House Church

by John Jackson

When my grandmother had her 80th birthday in the early 1980s, my family came to Roanoke from our home in Richmond to celebrate. We called my grandmother, Grandma Edie, and she was my last living grandparent. My mom (her eldest daughter) stressed the importance of being present for this special occasion. The weekend was filled with parties, a reception at her assisted living home, and house church. My aunt and my grandmother both attended Christ Lutheran at the time, but for this occasion, my aunt and my mom felt strongly that a special service be held to honor Grandma Edie on reaching this milestone.

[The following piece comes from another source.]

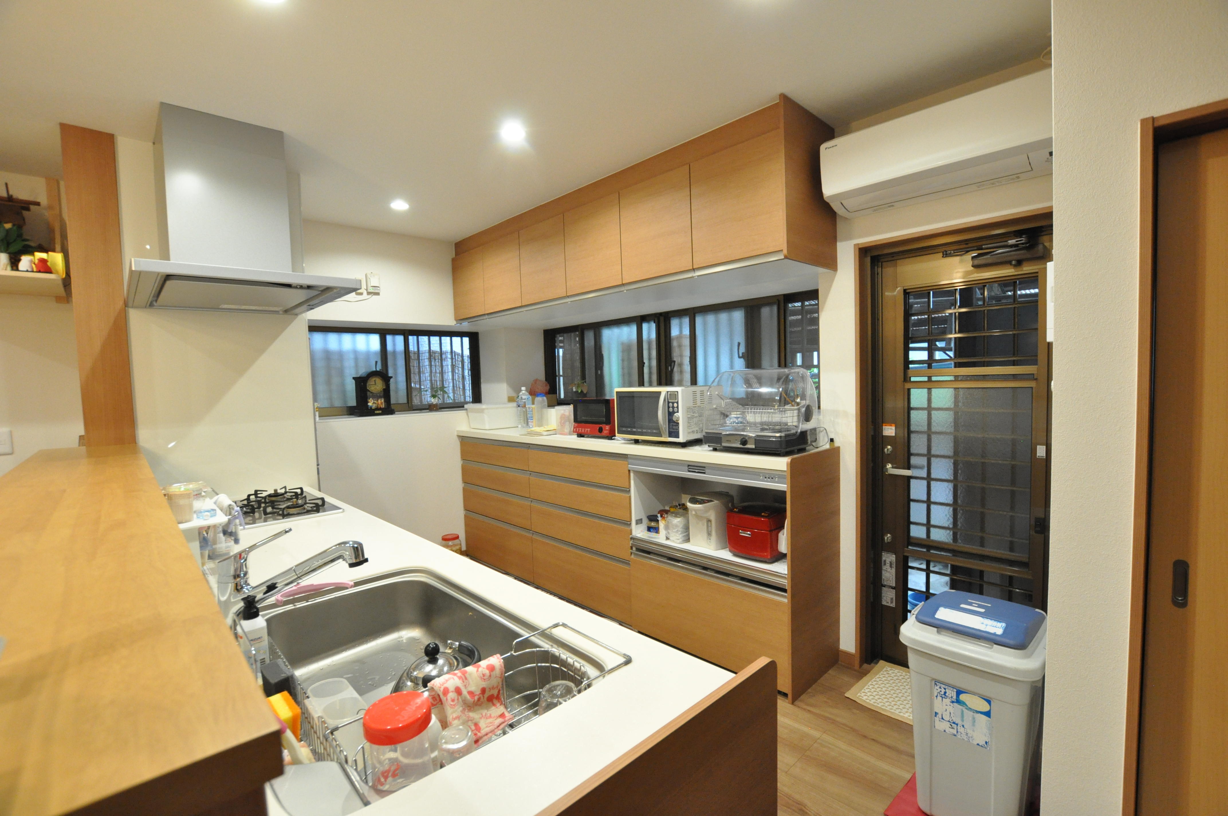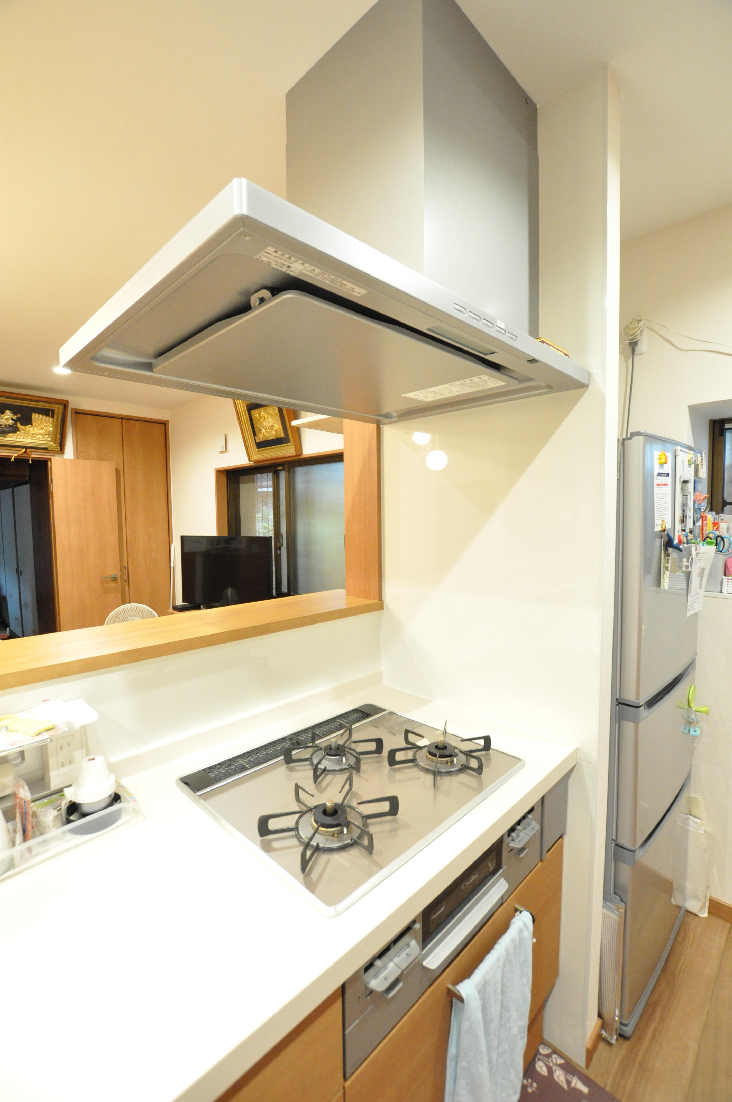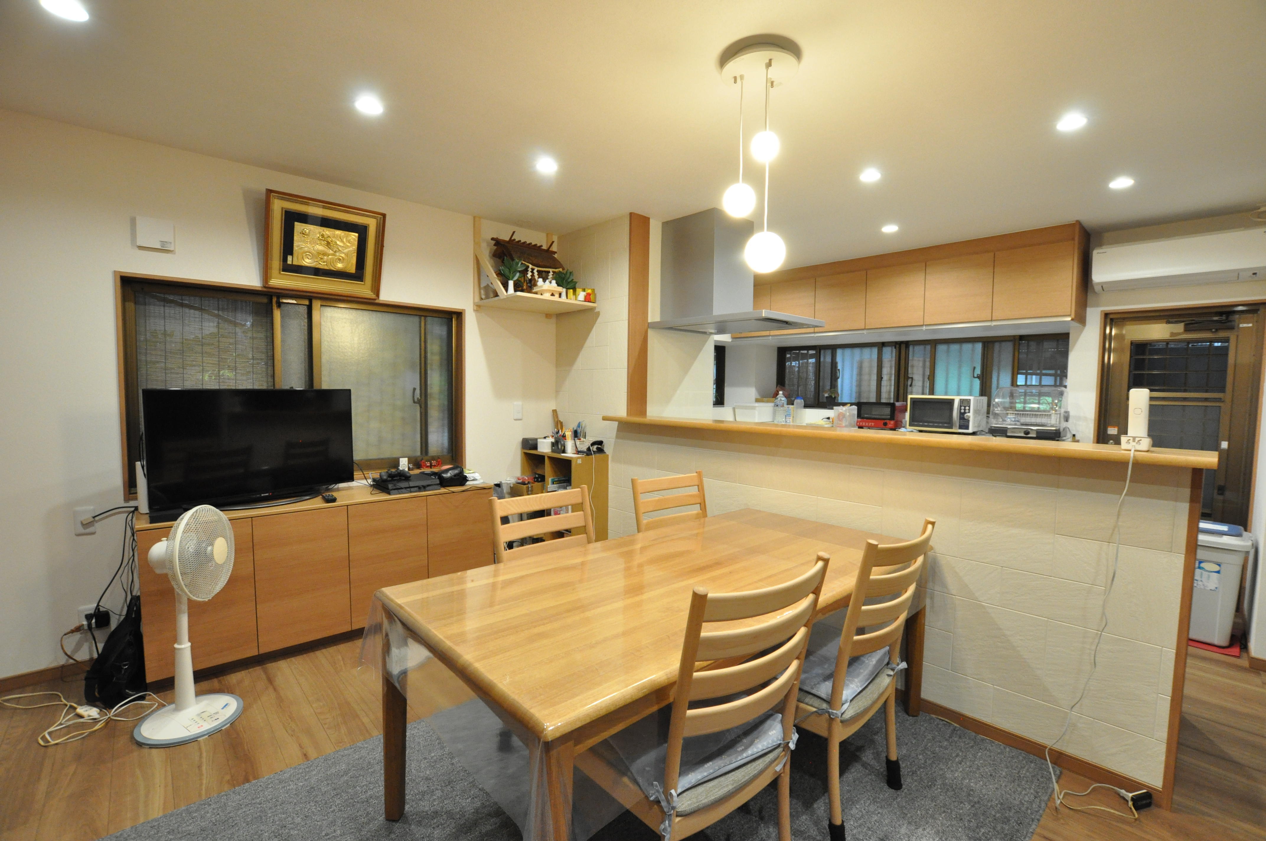 対面キッチンになったので家族も進んで配膳のお手伝いをしてくれます。掃除しやすくなった換気扇も主人に任せています。照明はプランナーさんに提案してもらい決めました。自分では選ばないデザインなので新鮮です!

My grandmother’s brother, Arthur, was a Lutheran pastor in Michigan. He agreed to preside over the house church service. On a Sunday, the final day of the birthday celebration, we gathered in the living room of my aunt’s home—sitting on the couch that I, about 10 years old at the time, had slept on the previous night—and held church. There were hymns (no organ accompaniment, just bad singing), readings, prayer, and communion. The coffee table became an altar. The couch and surrounding seats were our pews. Uncle Arthur stood and preached a sermon. I don’t remember the exact count, but Edie’s three children—my mom, Uncle Dave, and Aunt Rosemary—and their respective families and friends attended. 

 “This is how the early Christians worshipped,” I remember hearing my mom say as my siblings and I asked why we held such a service instead of attending the usual church in person. It seemed corny at the time but it was a memory that clearly stuck with me.  

In the last several weeks, many of us have had to adapt to “house church.” Our Palm Sunday and Easter celebrations were held in living rooms, dens, or kitchen tables tuned to YouTube. Thanks to technology and the creative gifts of the clergy, musicians, choir members, volunteers, and staff at St. John’s, we’ve been able to carry on the tradition of worship first started by our Christian ancestors centuries ago. Jesus promises us, "For where two or three are gathered in my name, there am I in the midst of them” - Matthew 18:20.  Through technology, email, a phone call, or a socially distanced visit or wave, Christ still moves and is among us. Thanks be to God. 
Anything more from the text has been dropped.